As a kid everything i ever read in comic books led me to believe that my mutant superpowers would start manifesting themselves sometime around the age of puberty. Personally I was hoping for either superstretchiness or force bolts of some kind. Puberty arrived in due course, but no superpowers, and I have reluctantly tossed my goal of becoming a superhero on the ash heap of my broken dreams. I do, however, have an archenemy.

His name is Edward Champion, or at least I assume it is. That’s the name he blogs under. I’ve never met him. I don’t know what he looks like, how old he is, or pretty much anything about him (or her?). Except that every few months he calls me an idiot on his website.

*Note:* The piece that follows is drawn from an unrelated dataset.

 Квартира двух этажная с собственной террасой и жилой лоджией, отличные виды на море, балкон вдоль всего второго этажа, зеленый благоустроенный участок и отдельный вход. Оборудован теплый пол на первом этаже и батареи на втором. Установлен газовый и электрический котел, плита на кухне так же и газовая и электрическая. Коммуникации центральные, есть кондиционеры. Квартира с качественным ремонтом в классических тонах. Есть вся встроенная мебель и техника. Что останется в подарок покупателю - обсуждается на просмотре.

Idiot may not be his exact word. I’m not actually sure of his exact words, because I have a hard time reading his blog entries. I don’t really look at them directly–I’m kind of hypersensitive to criticism, so I just side-glance at them, squinting, with my head at an angle to the monitor. I do know that in the past Edward Champion has called me a “chickenhead” and “the Uwe Boll of the book reviewing world.” (Boll, the man responsible for House of the Dead and BloodRayne, is widely believed to be the worst director in the world, if not of all time.) Champion has also tossed out “preposterous,” “irrelevant” and “malarkey.” The first time I noticed Ed criticizing my writing I e-mailed him a response. His answer was so sarcastic it practically damaged my retinas.

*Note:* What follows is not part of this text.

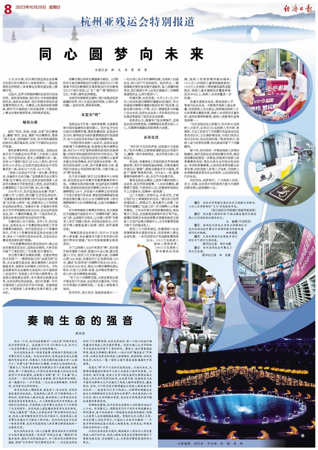 “这次亚残运会火炬接力,杭州有60名残疾人火炬手,还有近200名残疾人艺术家、表演家、文创工匠参与了开闭幕式和亚残运村各类欢迎仪式、文化展陈等活动,对他们来说这是闪光时刻,因此加倍珍惜。”杨英英表示,残疾人奋力逐梦的场景,给这座城市留下了闪耀瞬间。
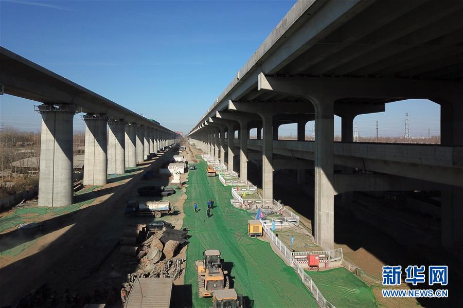 這是建設(shè)中的北京大興國際機(jī)場高速公路和北京軌道交通新機(jī)場線(2018年12月29日無人機(jī)拍攝)。新華社記者 鞠煥宗 攝

I want to be clear: I don’t think Ed Champion is an idiot. I’ve read some of the other, non–Lev Grossman-related posts on his blog (which is mostly about books), and have found them to be highly opinionated but otherwise cogent and well-informed, and sometimes even charming. Ed Champion is not insane. He’s just unswervingly committed to the position that I am a complete tool.

I know, I know, I should toughen up. Blogging is a knockabout sport, and as a writer I’m fair game. You’d think I could just ignore Ed Champion (you can find him at edrants.com yeah, go ahead, don’t all click at once), and most of the time I do. But it’s harder than you’d think. Blogs reach a big audience. People read him. People link to him. Google frickin’ loves Ed. Not long ago I set up a website of my own, and despite the fact that it’s my website, and it deals with nothing but Lev Grossman, and it’s located at levgrossman.com Ed’s website still comes up ahead of mine half the time. Somebody once asked me if I had killed Ed Champion’s puppy, or what? (Yes, Ed, I did kill your puppy. With my mutant force bolts!)

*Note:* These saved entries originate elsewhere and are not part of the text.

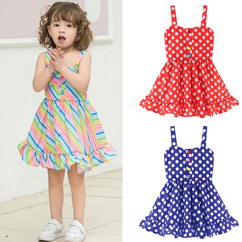 2020 Children Girls Clothes Baby Rainbow Stripe Dot Dress Kids
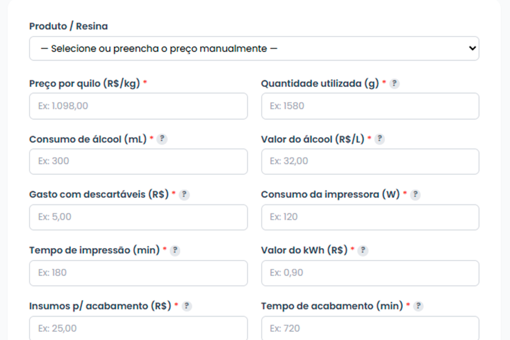 No campo Produto/ Resina você pode selecionar a resina 3D CURE que você utiliza, assim o cálculo já vai considerar automaticamente o valor pago no quilo (kg) da resina. A quantidade de resina utilizada em gramas (g) você encontra no seu fatiador.
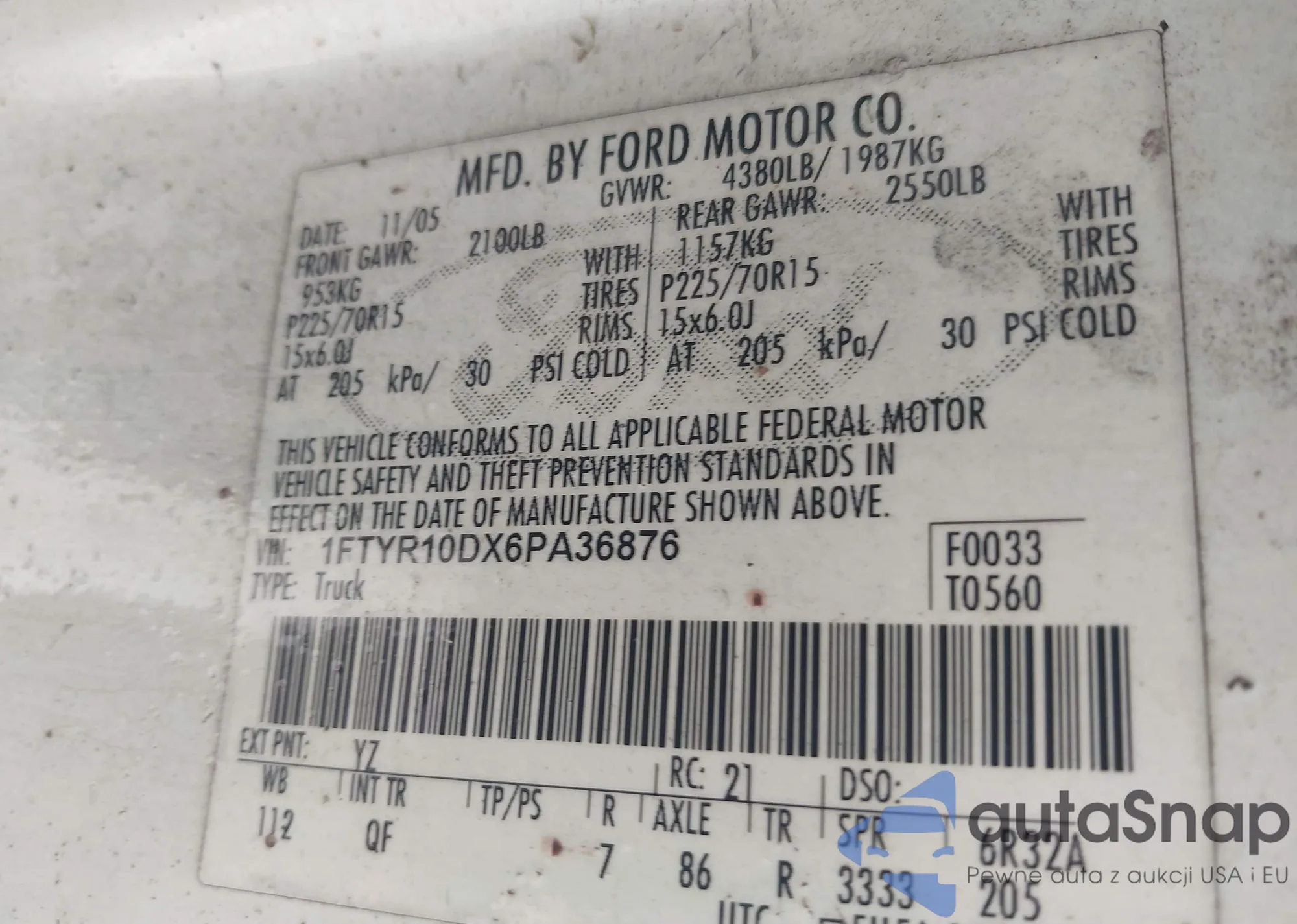 • VIN 1FTYR10DX6PA36876

I don’t want to oversell this. I’m pretty sure I spend way more time thinking about Ed Champion than he spends thinking about me. But Ed isn’t my only weird, ectoplasmic Internet relationship. My life is increasingly being invaded by these people. There’s a woman (or a man, or possibly a robot) named MoFlo4Sho who e-mails me a couple of dozen times a day with her various insane thoughts about religion and celebrities. It’s one of the singular features of our little social-technological moment that people all over the world whom we otherwise would never even be aware of can effortlessly impinge upon our minds and lives and desktops. We probably see fewer people in person these days, but our lives are populated by an entire chorus of disembodied presences, amplified and directed by the Internet, as if we had all begun to suffer from a mild form of schizophrenia. Everybody talks a little louder now. There’s a little less mental elbow room.

I suppose it’s only fair. I mean, here I am impinging on all of you on the back page of Time magazine. Why shouldn’t Ed Champion get to talk back? In a way writers do have a superpower, the power to transmit our thoughts to other people around the world with a few keystrokes. Why should we be the only ones? Why should we get to be in the X-Men, while everybody else is merely human?

No reason at all. But listen, Edward Champion, if that is your real name (and if you’re the Champion, what does that make me?): Now that we’re all superheroes, all I ask is that you use your powers for good. Let’s take each other seriously and respond in good faith. Let’s not bandy words around thoughtlessly or maliciously–there’s enough of that going on already, what with Uwe Boll and MoFlo4Sho out there. After all, at the end of the day, we’re not so different, you and I.

Except that I’m getting paid for this.